02:48Grâce à l'appui d'expertise scientifique, on est en mesure aujourd'hui de dire que ce corps,
02:54il n'a pas séjourné très longtemps à cet endroit.
02:57Qu'en fait, ces ossements, ils ont été déposés après avoir été stockés dans un autre endroit.
03:02Donc, le corps du petit Émile a été déplacé.
03:05Et donc, ça valide l'hypothèse et même la certitude qu'il s'agit d'un meurtre et non plus
03:10d'un accident.
03:13Et le procureur donne aussi des éléments sur les vêtements retrouvés.
03:16Oui, et des éléments très importants, scientifiques aussi.
03:19Il y a une analyse qui a été faite sur le t-shirt qui est retrouvé à côté des ossements
03:23du petit Émile.
03:24Et les experts, ils disent quoi ?
03:26Ils disent, ce t-shirt, il ne supporte pas, sur son textile, il ne supporte pas de reste humain.
03:33Conclusion des experts, ce t-shirt, il a été retiré au moment où le petit Émile est mort,
03:39stocké dans un endroit sec et ensuite déposé volontairement à proximité du corps.
03:44Donc, il ne s'est pas décomposé sur le corps.
03:47Donc, encore une fois, ça valide l'hypothèse d'une manipulation humaine
03:51de quelqu'un qui non seulement a déplacé le corps, mais a aussi manipulé les vêtements
03:55pour les déplacer, pour les remettre volontairement à proximité du squelette.

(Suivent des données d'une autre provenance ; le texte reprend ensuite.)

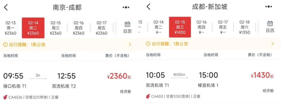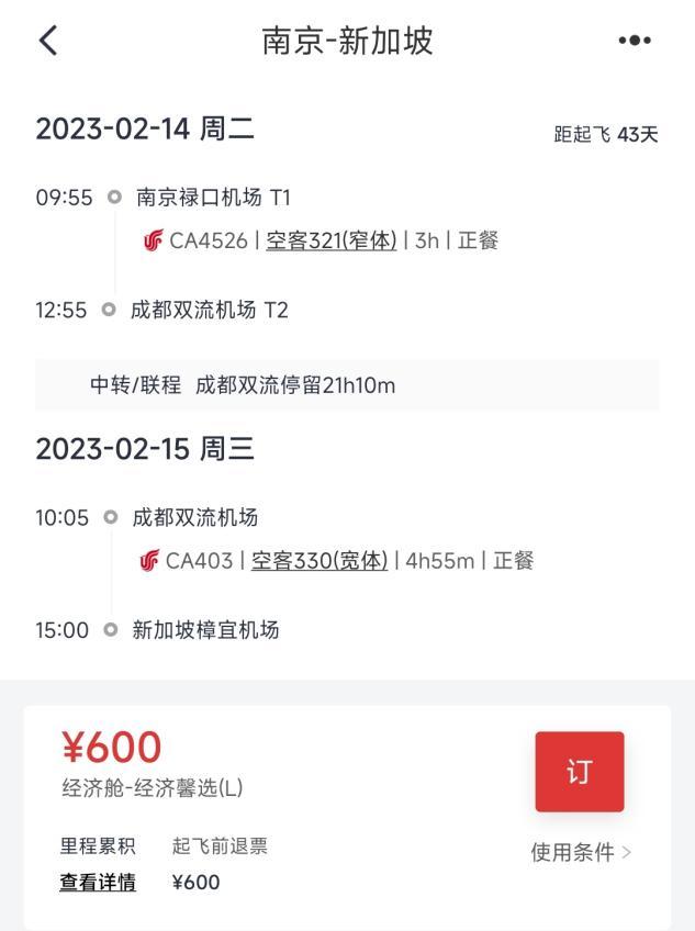 比如,在中国国航App上,潘哥发现今年2月14日,南京飞往新加坡的航班,机票售价仅为600元,需要在成都双流机场转机,航班全程约29个小时。

03:59Les conclusions de ces expertises, réalisées sur une durée de plusieurs mois,
04:03permettent désormais de considérer que les vêtements et les ossements retrouvés
04:07ont été transportés et déposés peu de temps avant leur découverte.
04:14Et autre point très important apporté par le procureur de la République,
04:19l'analyse du crâne donne des informations sur la mort de l'enfant.
04:23On avait peu d'espoir que le simple fait de retrouver un crâne assez abîmé
04:27puisse permettre d'avoir des conclusions,
04:29mais les expertises médico-légales très poussées qui ont été faites
04:33permettent de déterminer qu'il y a un traumatisme facial important.
04:37Ce sont les mots du procureur, c'est-à-dire que c'est probablement
04:39l'une des causes principales du décès du petit Émile.
04:42C'est un traumatisme facial important.
04:44Alors après, on ne peut pas préciser quelle est l'origine de ce traumatisme facial,
04:47mais en tout cas, c'est un enfant qui a subi un coup,
04:51plusieurs coups ou un choc très violent.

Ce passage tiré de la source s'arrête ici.